### What this task involves
Please take the records that follow and repeat exactly the lines starting with the line with "The picture from" and going on through the line with "新華社鄭州5月23日電(記者".

### Working data
.....

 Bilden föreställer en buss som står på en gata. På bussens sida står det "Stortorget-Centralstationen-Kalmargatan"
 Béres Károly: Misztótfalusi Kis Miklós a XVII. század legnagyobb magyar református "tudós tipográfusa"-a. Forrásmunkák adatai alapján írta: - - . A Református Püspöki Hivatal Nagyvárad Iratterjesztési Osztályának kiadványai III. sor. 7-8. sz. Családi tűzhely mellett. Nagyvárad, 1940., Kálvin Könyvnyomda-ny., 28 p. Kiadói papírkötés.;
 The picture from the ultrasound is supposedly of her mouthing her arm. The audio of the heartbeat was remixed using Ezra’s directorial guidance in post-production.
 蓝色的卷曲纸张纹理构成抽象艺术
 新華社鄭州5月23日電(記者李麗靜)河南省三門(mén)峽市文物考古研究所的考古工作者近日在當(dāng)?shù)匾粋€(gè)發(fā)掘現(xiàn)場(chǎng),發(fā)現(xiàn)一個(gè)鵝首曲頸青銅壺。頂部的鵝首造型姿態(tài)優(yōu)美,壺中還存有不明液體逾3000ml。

.....

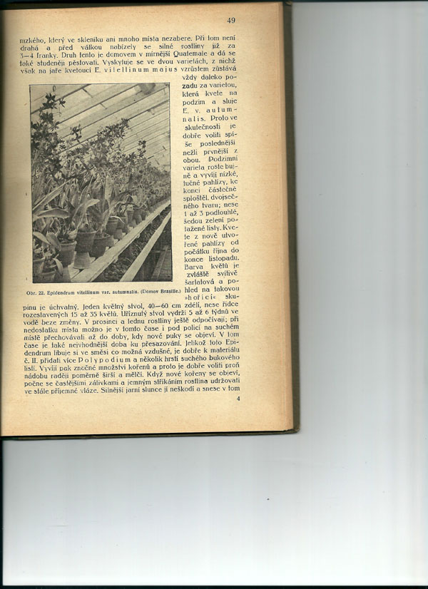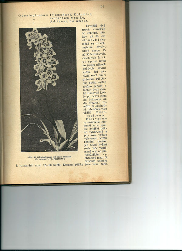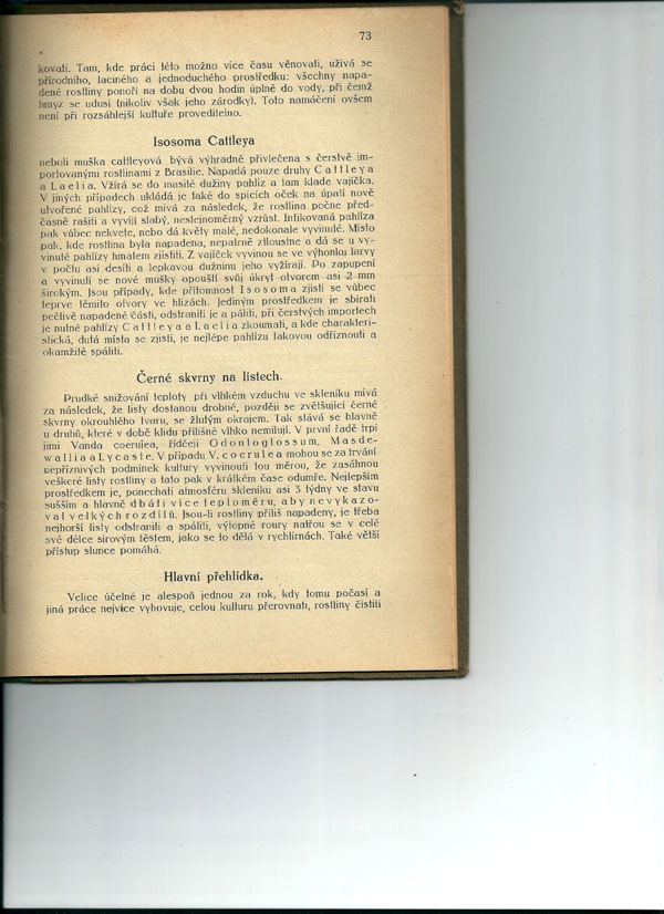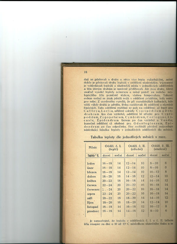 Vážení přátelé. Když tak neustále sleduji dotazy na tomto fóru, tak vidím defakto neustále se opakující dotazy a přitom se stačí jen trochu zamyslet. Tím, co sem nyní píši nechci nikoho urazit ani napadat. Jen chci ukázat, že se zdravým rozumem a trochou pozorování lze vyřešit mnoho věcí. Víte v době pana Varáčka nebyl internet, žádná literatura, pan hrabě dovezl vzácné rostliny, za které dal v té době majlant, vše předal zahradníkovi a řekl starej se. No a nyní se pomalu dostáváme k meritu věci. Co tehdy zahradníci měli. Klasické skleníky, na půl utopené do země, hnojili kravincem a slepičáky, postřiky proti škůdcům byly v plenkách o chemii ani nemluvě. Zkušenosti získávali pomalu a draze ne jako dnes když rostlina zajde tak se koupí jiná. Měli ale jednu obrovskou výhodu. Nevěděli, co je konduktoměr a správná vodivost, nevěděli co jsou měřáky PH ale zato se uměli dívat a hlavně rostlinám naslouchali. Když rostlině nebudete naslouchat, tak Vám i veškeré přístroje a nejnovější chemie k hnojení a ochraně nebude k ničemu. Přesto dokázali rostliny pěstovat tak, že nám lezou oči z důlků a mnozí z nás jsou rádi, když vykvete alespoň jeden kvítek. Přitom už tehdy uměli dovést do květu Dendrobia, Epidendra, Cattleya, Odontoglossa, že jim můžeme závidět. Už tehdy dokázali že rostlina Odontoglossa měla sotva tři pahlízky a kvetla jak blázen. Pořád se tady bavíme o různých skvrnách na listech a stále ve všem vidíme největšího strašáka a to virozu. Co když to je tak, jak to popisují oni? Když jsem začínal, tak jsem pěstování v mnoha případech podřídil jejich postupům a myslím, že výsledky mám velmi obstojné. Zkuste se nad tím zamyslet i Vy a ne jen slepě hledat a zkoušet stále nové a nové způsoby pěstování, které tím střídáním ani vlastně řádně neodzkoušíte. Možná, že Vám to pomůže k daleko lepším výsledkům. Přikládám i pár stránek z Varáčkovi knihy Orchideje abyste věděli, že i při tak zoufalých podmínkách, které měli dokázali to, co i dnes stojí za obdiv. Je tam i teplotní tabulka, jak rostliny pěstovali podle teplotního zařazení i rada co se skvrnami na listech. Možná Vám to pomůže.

.....

### Response to the exercise
 The picture from the ultrasound is supposedly of her mouthing her arm. The audio of the heartbeat was remixed using Ezra’s directorial guidance in post-production.
 蓝色的卷曲纸张纹理构成抽象艺术
 新華社鄭州5月23日電(記者李麗靜)河南省三門(mén)峽市文物考古研究所的考古工作者近日在當(dāng)?shù)匾粋€(gè)發(fā)掘現(xiàn)場(chǎng),發(fā)現(xiàn)一個(gè)鵝首曲頸青銅壺。頂部的鵝首造型姿態(tài)優(yōu)美,壺中還存有不明液體逾3000ml。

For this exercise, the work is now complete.